Well, if all y’all cis people had listened to me 24 years ago, we could have saved ourselves a world of hurt. Unfortunately some of you are bigoted Mormons who just can’t comprehend the benefits of gender liberation. Or, perhaps, they embrace sexism, so the incidental sexism of cissexist persecutions seem a feature not a bug.
From the Deseret News:
After one competitor “outclassed” the rest of the field in a girls’ state-level competition last year, the parents of the competitors who placed second and third lodged a complaint with the Utah High School Activities Association calling into question the winner’s gender.
Entirely unsurprising. Utah is one of the states that has legislated a system ostensibly banning k-12 trans students from participating in school sport save in categories open to their assigned gender at birth. What it actually does, however, is allow any random person to trigger a state investigation into the most private aspects of a child’s life. In the particular case here, the complaint was considered resolved through a thorough check of multiple records going back a decade or more, but more intrusive investigations, including medical ones, apparently are authorized by statute and cannot be said to be ruled out in the future.
And, of course, what’s compounding the horror here is that the excessive masculinity triggering the investigation wasn’t a tracheal prominence or tiny boobs. What triggered the investigation here was athletic excellence itself.
Given that the ostensible rationale for passing laws regulating trans children’s participation in school sports was to ensure that girls have a chance to experience being celebrated for their excellence, this punishment of excellence would seem to be proof that such laws not only fail to support and celebrate athletic girls, but rather punish them for their greatest successes, encouraging them to fail.

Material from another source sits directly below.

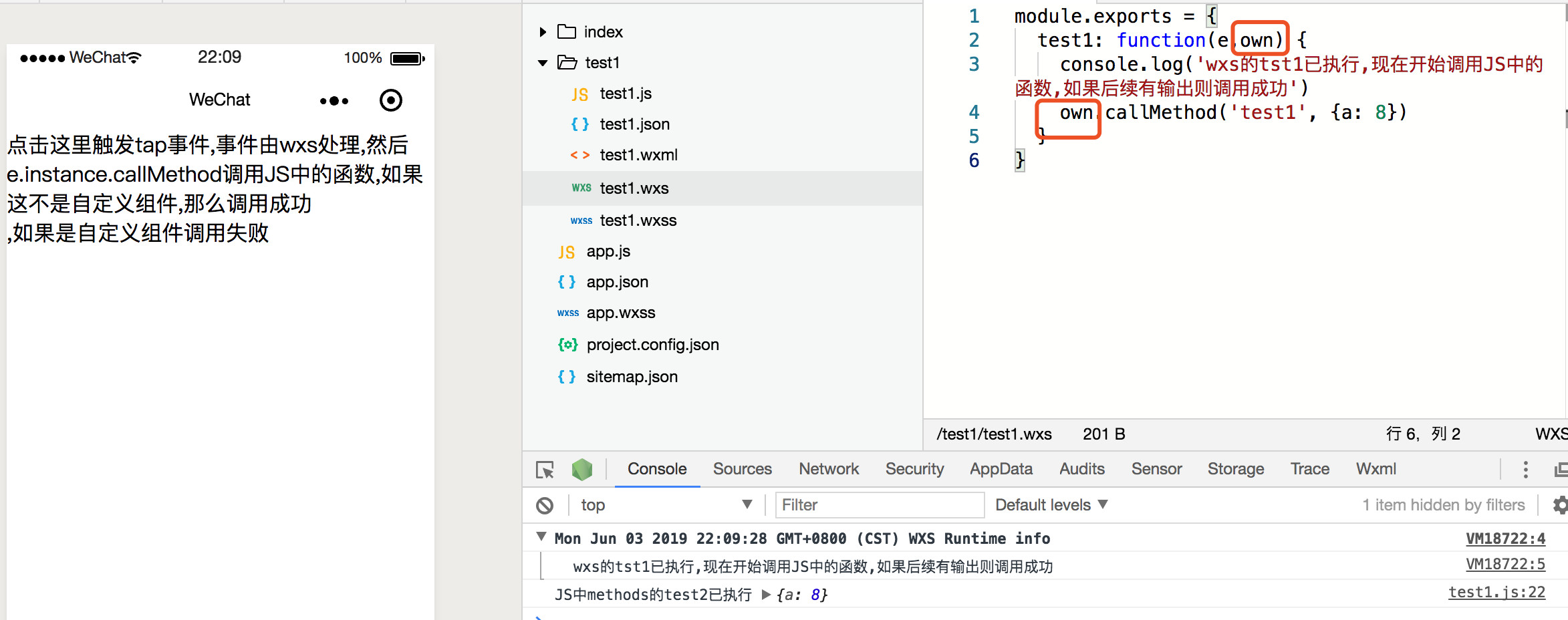 e.instance表示的其实是text组件的实例,他并没有test1方法,ownerINstance才表示你所在的test1这个自定义组件

One might hope that this would cause some second thoughts, perhaps an effort to repeal this repellent and sexist regime. One would, of course, be mistaken. This is Utah, after all. Read and then weep over this most telling part of the Deseret News article:
Spatafore [David Spatafore, the UHSAA’s legislative representative] said the association has received other complaints, some that said “that female athlete doesn’t look feminine enough.”
The association took “every one of those complaints seriously. We followed up on all of those complaints with the school and the school system,” he said during an update on HB11, a ban on transgender girls from participating in female school sports, which was passed during the final hours of 2022 General Session.

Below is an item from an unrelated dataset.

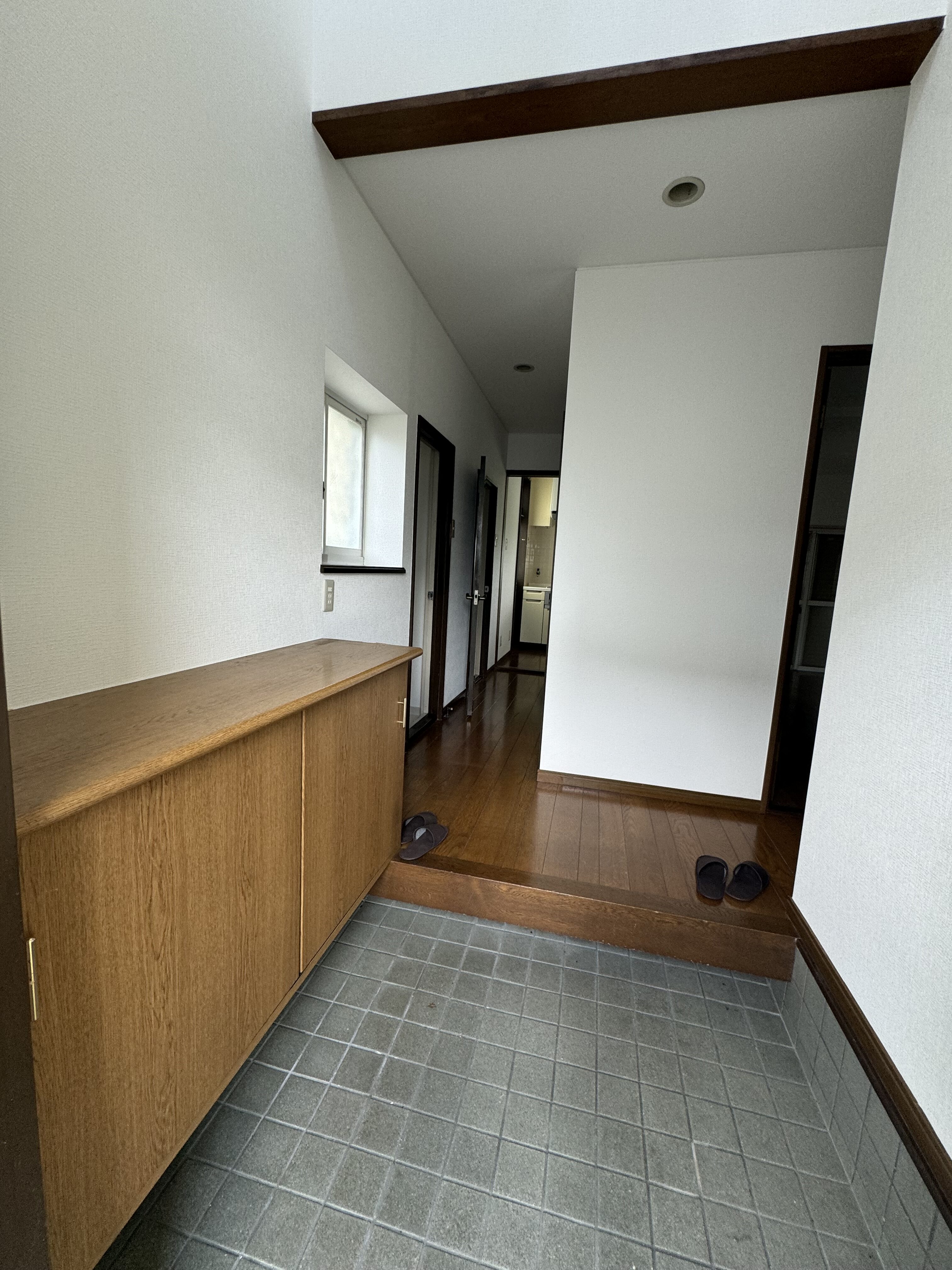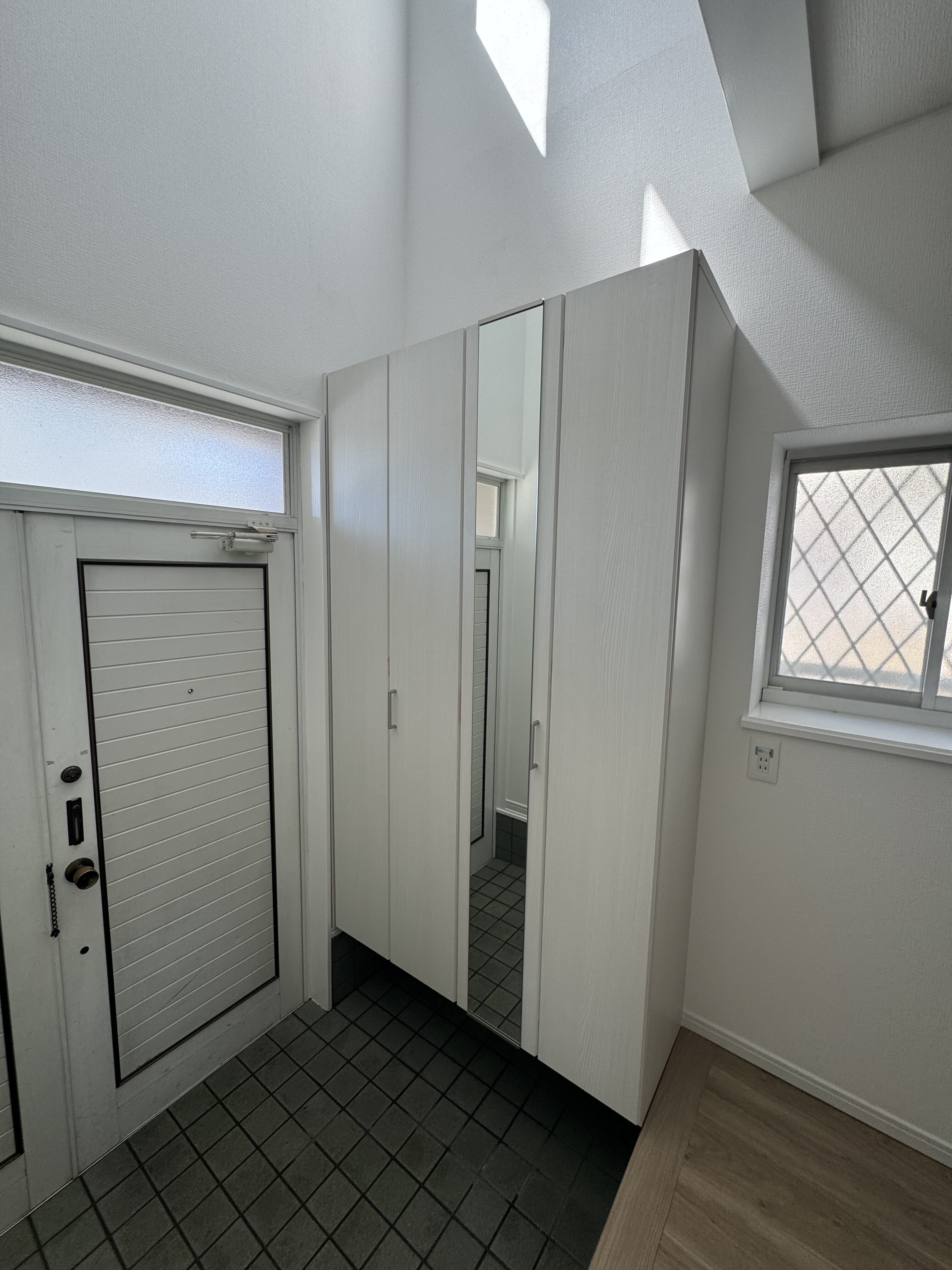 収納力を確保するために、ブーツも収納可能な大容量のクロークボックスを設置。さらに、室内を明るくするため、建具を白色に塗装し、コンセントやスイッチをPanasonicアドバンスシリーズに変更して、おしゃれで機能的な空間にしました。

And we come full circle. What I predicted 24 years ago has come to pass. Girls looking insufficiently feminine is now a complaint that the government takes “seriously”, and that the government then investigates.
I understand that women’s and girls’ athletic achievements are not sufficiently celebrated. And I understand that there’s fear that permitting trans children to participate in gender segregated sports in the manner that is most healthy for them, even if that means participating in sports originally conceived as being only for students of a different assigned sex at birth will inevitably mean a few celebrated wins for trans athletes that might otherwise have been wins for cis girls or cis women.
But giving the government the power to investigate deficient femininity, or to treat a woman or girl as an object of suspicion for her athletic excellence itself, does nothing to support cis girls or celebrate their achievements.
If you can’t oppose such laws because of their cissexism alone, oppose them for their sexist, for the power they give governments to crack down on anyone who violates gender norms even in so innocuous a manner as being a girl winning a medal in girls’ sports.